MIT`s Lincoln Lab researchers Gregory Charvat and John Peabody have built a system that can see through walls from some distance away, giving an instantaneous picture of the activity on the other side.
Their device is an unassuming array of antenna arranged in two rows - eight receiving elements on top, 13 transmitting ones below - and some computing equipment, all mounted onto a movable cart.
But it has powerful implications for military operations, especially "urban combat situations", says project leader Charvat according to a Lincoln Lab statement.
Walls, by definition, are solid, and that`s certainly true of the four- and eight-inch-thick concrete walls on which the researchers tested their system.
At first, their radar functions as any other: Transmitters emit waves of a certain frequency in the direction of the target. But in this case, each time the waves hit the wall, the concrete blocks more than 99 percent of them from passing through. And that`s only half the battle.

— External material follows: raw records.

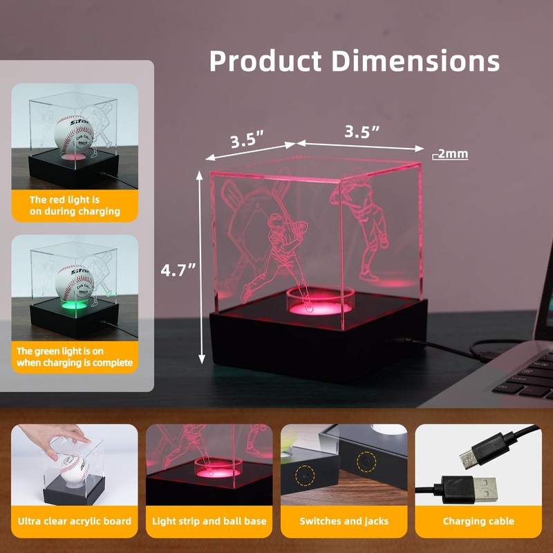 Showcase and illuminate your prized baseball memorabilia with our Baseball Display Case with LED Light. This baseball stands for display merges functionality with artistic design, featuring engravings that enhance the display of your collectible. The back of the baseball ball case is adorned with a meticulously engraved baseball field, while the sides highlight detailed action shots of a batter and a pitcher. These striking engravings add an atmospheric touch, making your baseball memorabilia stand out in style. Equipped with a brilliant LED lighting system, the baseball display cube case highlights your baseball with exceptional brightness. You can choose from 9 different colors or set the lights to cycle through all colors automatically using a simple switch. The lighting is powered by a USB-C cable or a lithium battery, providing convenient and flexible power options. The LED lights also enhance the visibility of signatures and inscriptions on your signed baseball, making it an even more striking display. Made from premium acrylic, this clear baseball display case features UV protection to prevent fading and is designed to be shatterproof and dust-resistant. Baseball case protects your autographed baseball from scratches, minimizes UV exposure, and prevents autographed signatures from fading, ensuring that your collectible stays in excellent condition. The versatile design accommodates not only baseballs but also other collectibles such as softballs, tennis balls, and pool balls. Assembling the baseball case display for balls is straightforward—just open the baseball display case lid, place your baseball, softball, or pool ball onto the center stand, and you're ready to display your memorabilia. The Baseball Display Case with LED Light makes an excellent gift for sports enthusiasts, collectors, and anyone who appreciates functional and elegant display items. It's perfect for occasions like Father's Day, Christmas, or any special celebration.
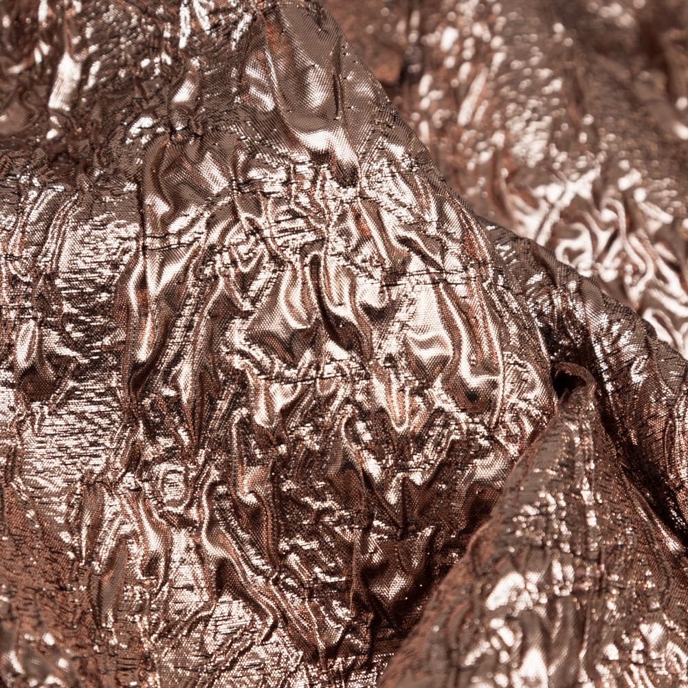 Towering tropical trees sway in the bay breeze, warming themselves on the surface of Mood's Metallic Teak Crinkled Luxury Brocade. Its foiled face falls and folds, a textured topography teeming with mountains high as the heavens. Riveting and rippling, light reflects and radiates from the scratchy top layer, while the backing is soft and smooth. Encase yourself in evening attire made of this brilliant brocade, in flared gowns, light jackets, and full skirts that complement its whippy and voluminous drape. Without stretch and mostly opaque, a lining is recommended for increased comfort and structure. Please note, this fabric weighs 104 GSM.
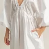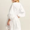 Plunge Balloon Sleeve Poplin Mini Dress with Pockets – White
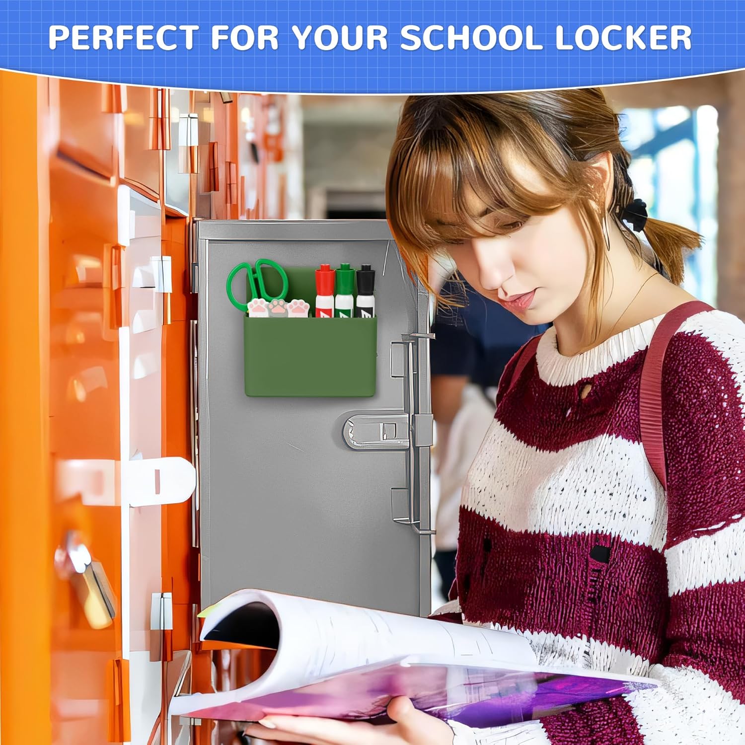 Magnetic Dry Erase Marker Holder, Magnetic Pen Marker Holder for Whiteboard, Fridge, Locker Accessories, School, Office, Home, Magnet Pen Cup,1 Pack, Army Green

Once the waves bounce off any targets, they must pass back through the wall to reach the radar`s receivers - and again, 99 percent don`t make it. By the time it hits the receivers, the signal is reduced to about 0.0025 percent of its original strength.
But according to Charvat, signal loss from the wall is not even the main challenge. "[Signal] amplifiers are cheap," he says. What has been difficult for through-wall radar systems is achieving the speed, resolution and range necessary to be useful in real time.
"If you`re in a high-risk combat situation, you don`t want one image every 20 minutes, and you don`t want to have to stand right next to a potentially dangerous building," Charvat says. The Lincoln Lab team`s system may be used at a range of up to 60 feet away from the wall. And, it gives a real-time picture of movement behind the wall in the form of a video at the rate of 10.8 frames per second.